I have a question regarding the robustness of estimators. I have 4 estimators and I have been asked to consider which estimator is most robust to mis-specification. What is mis-specification? What are the things that I have to consider here?
I know that an estimator is robust if it doesn't rely on all of that data and it doesn't change as much when we add very large or very small values. Is this correct?
Roughly speaking, 'robustness' means that an an estimate or procedure still gives useful answers even if the data are not sampled from exactly the intended distribution. The most common case may be that an estimate that is exactly correct for strictly normal data, is not far wrong if normal data are 'contaminated' by some unanticipated values, often 'outliers'. Terminology may differ slightly from author to author and application to application, so I won't try to formally define 'mis-specification' or to quantify exactly it means to 'change much'. Look at your text to clarify those things precisely.
Here is an example: Suppose I have 1000 observations from $\mathsf{Norm}(\mu = 100, \sigma=15).$ Then the sample mean $A$, the 5% trimmed mean $T$, and the median $H$ are all unbiased estimates of $\mu.$ That is $E(A) = E(T) = E(H) = \mu.$ However, if the data are honestly from $\mathsf{Norm}(\mu = 100, \sigma=15),$ the $Var(A) < Var(T) < Var(H),$ so that estimator $A$ is preferred.
However if 2% of the observations (20 in 1000) are high outliers, then the trimmed mean and the median are more robust estimators. For simplicity I model the contamination as the values 501 through 520 for each sample. (In reality the contimaination would fluctuate.)

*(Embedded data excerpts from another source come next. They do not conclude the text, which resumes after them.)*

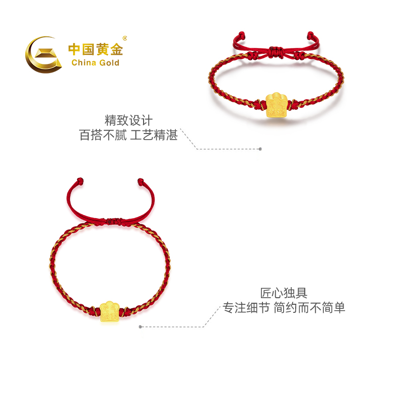 【中国黄金官方店】3D足金元气满满手串时尚简约气质饰品新品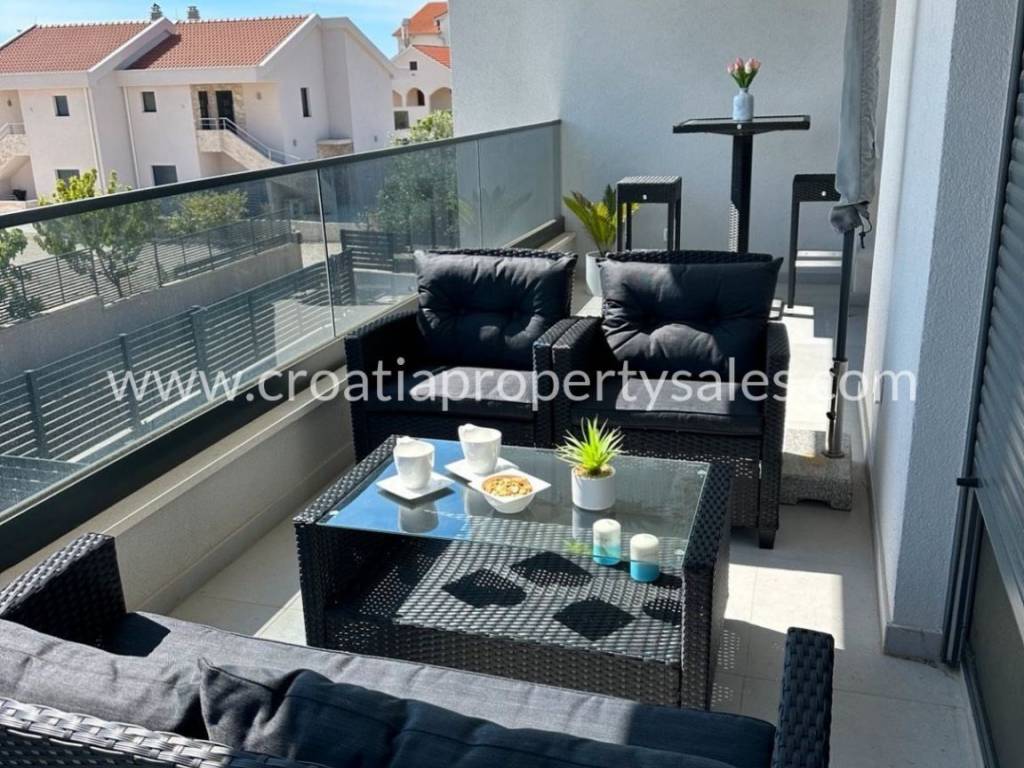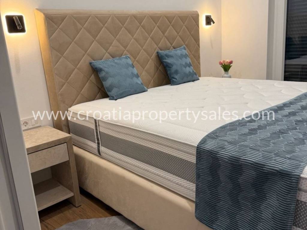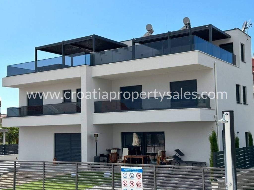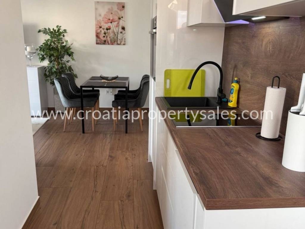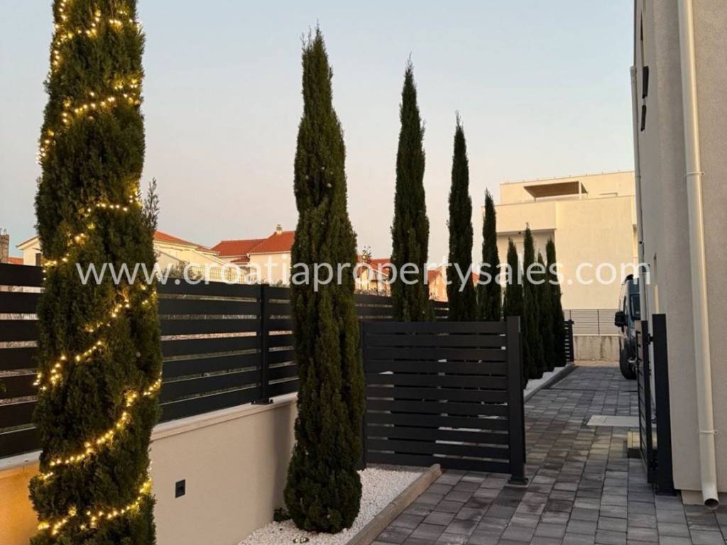 In a town not far from Sibenik is this semi-detached villa type house with a roof terrace spread over 3 floors. The ground floor of 48 m2 consists of an entrance area, kitchen/ dining area, and wc. On the 1st floor of 39 m2 is a hallway, living room, bedroom, bathroom and covered terrace of 13 m2.On the second floor there is a summer kitchen and a roof terrace of 46m2 with a jacuzzi, barbecue, and a relaxation area.On the ground floor there is a covered terrace of 12m2 with an additional space for dining in the summer and a garden of 160.05m2.The house is built of the highest quality materials according to the highest construction standards.The house is being sold fully furnished, and it comes with three parking spaces.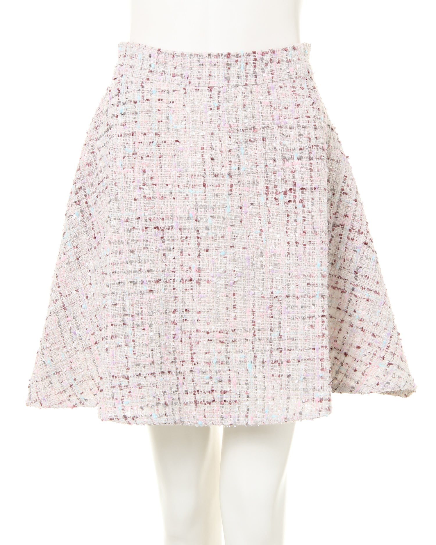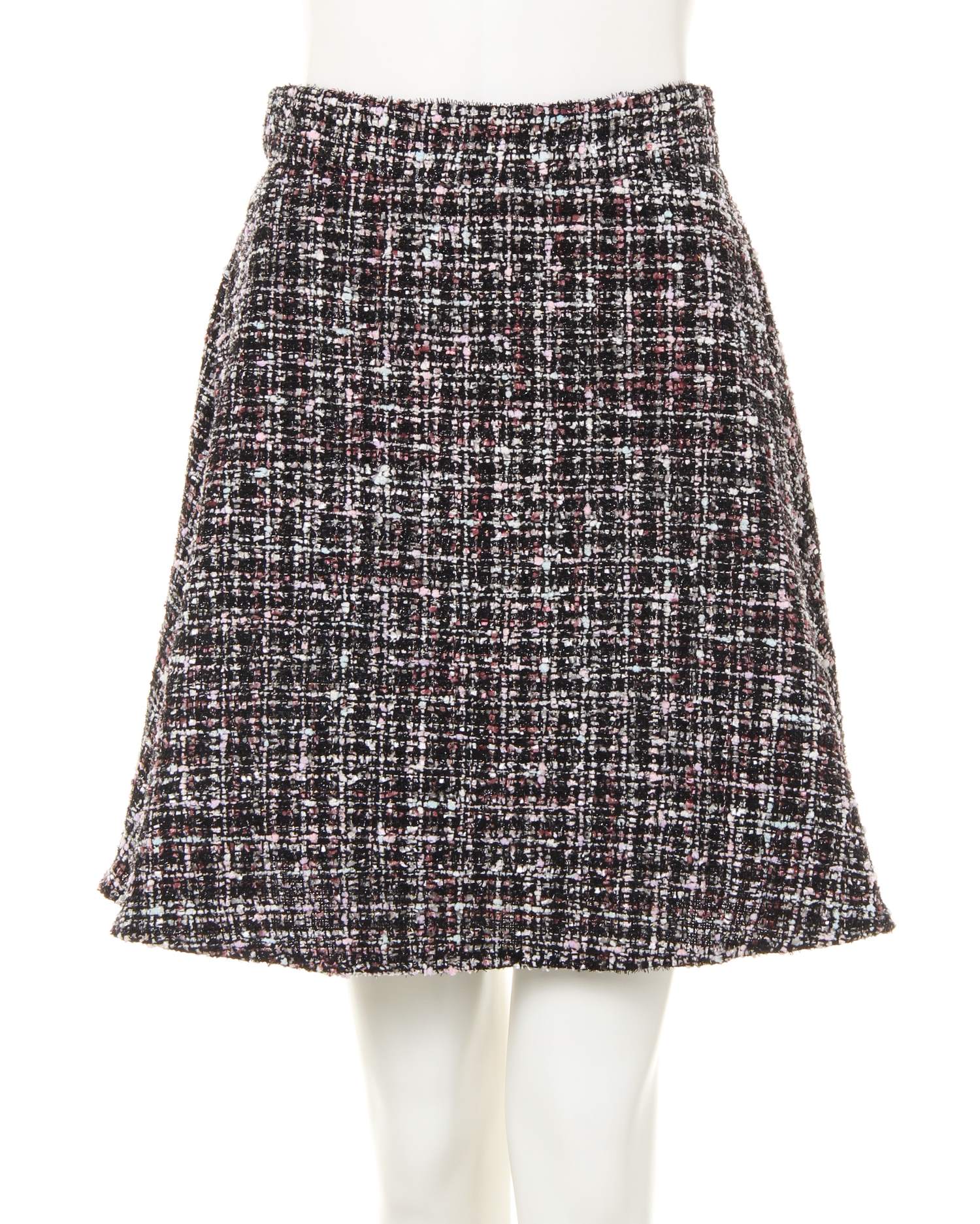 ぬくもりのあるツイード素材で仕立てたフレアシルエットのスカートです。裾へ向かってふわりと広がるエレガンスな1枚。気になるヒップラインも自然とカバーしてくれます。バックウエストはゴムになっているので脱ぎ穿きも楽チン。ツイードのカラー使いと上品な丈感で、オンオフ問わずに着回せるのも◎。

The simulation suggests that the trimmed mean is a suitable robust estimator in this situation: $E(A) \approx 108.2 > \mu = 100,$ but $E(T) \approx 100.5$ is much closer to the population mean, and $E(H)$ is even a little closer. However, $SD(T) \approx 0.48$ is not much larger than $SD(A),$ whereas $SD(H)$ is very much larger.
Different authors have various criteria for choosing among robust estimators, but in this very simple example it seems reasonable to use the trimmed mean.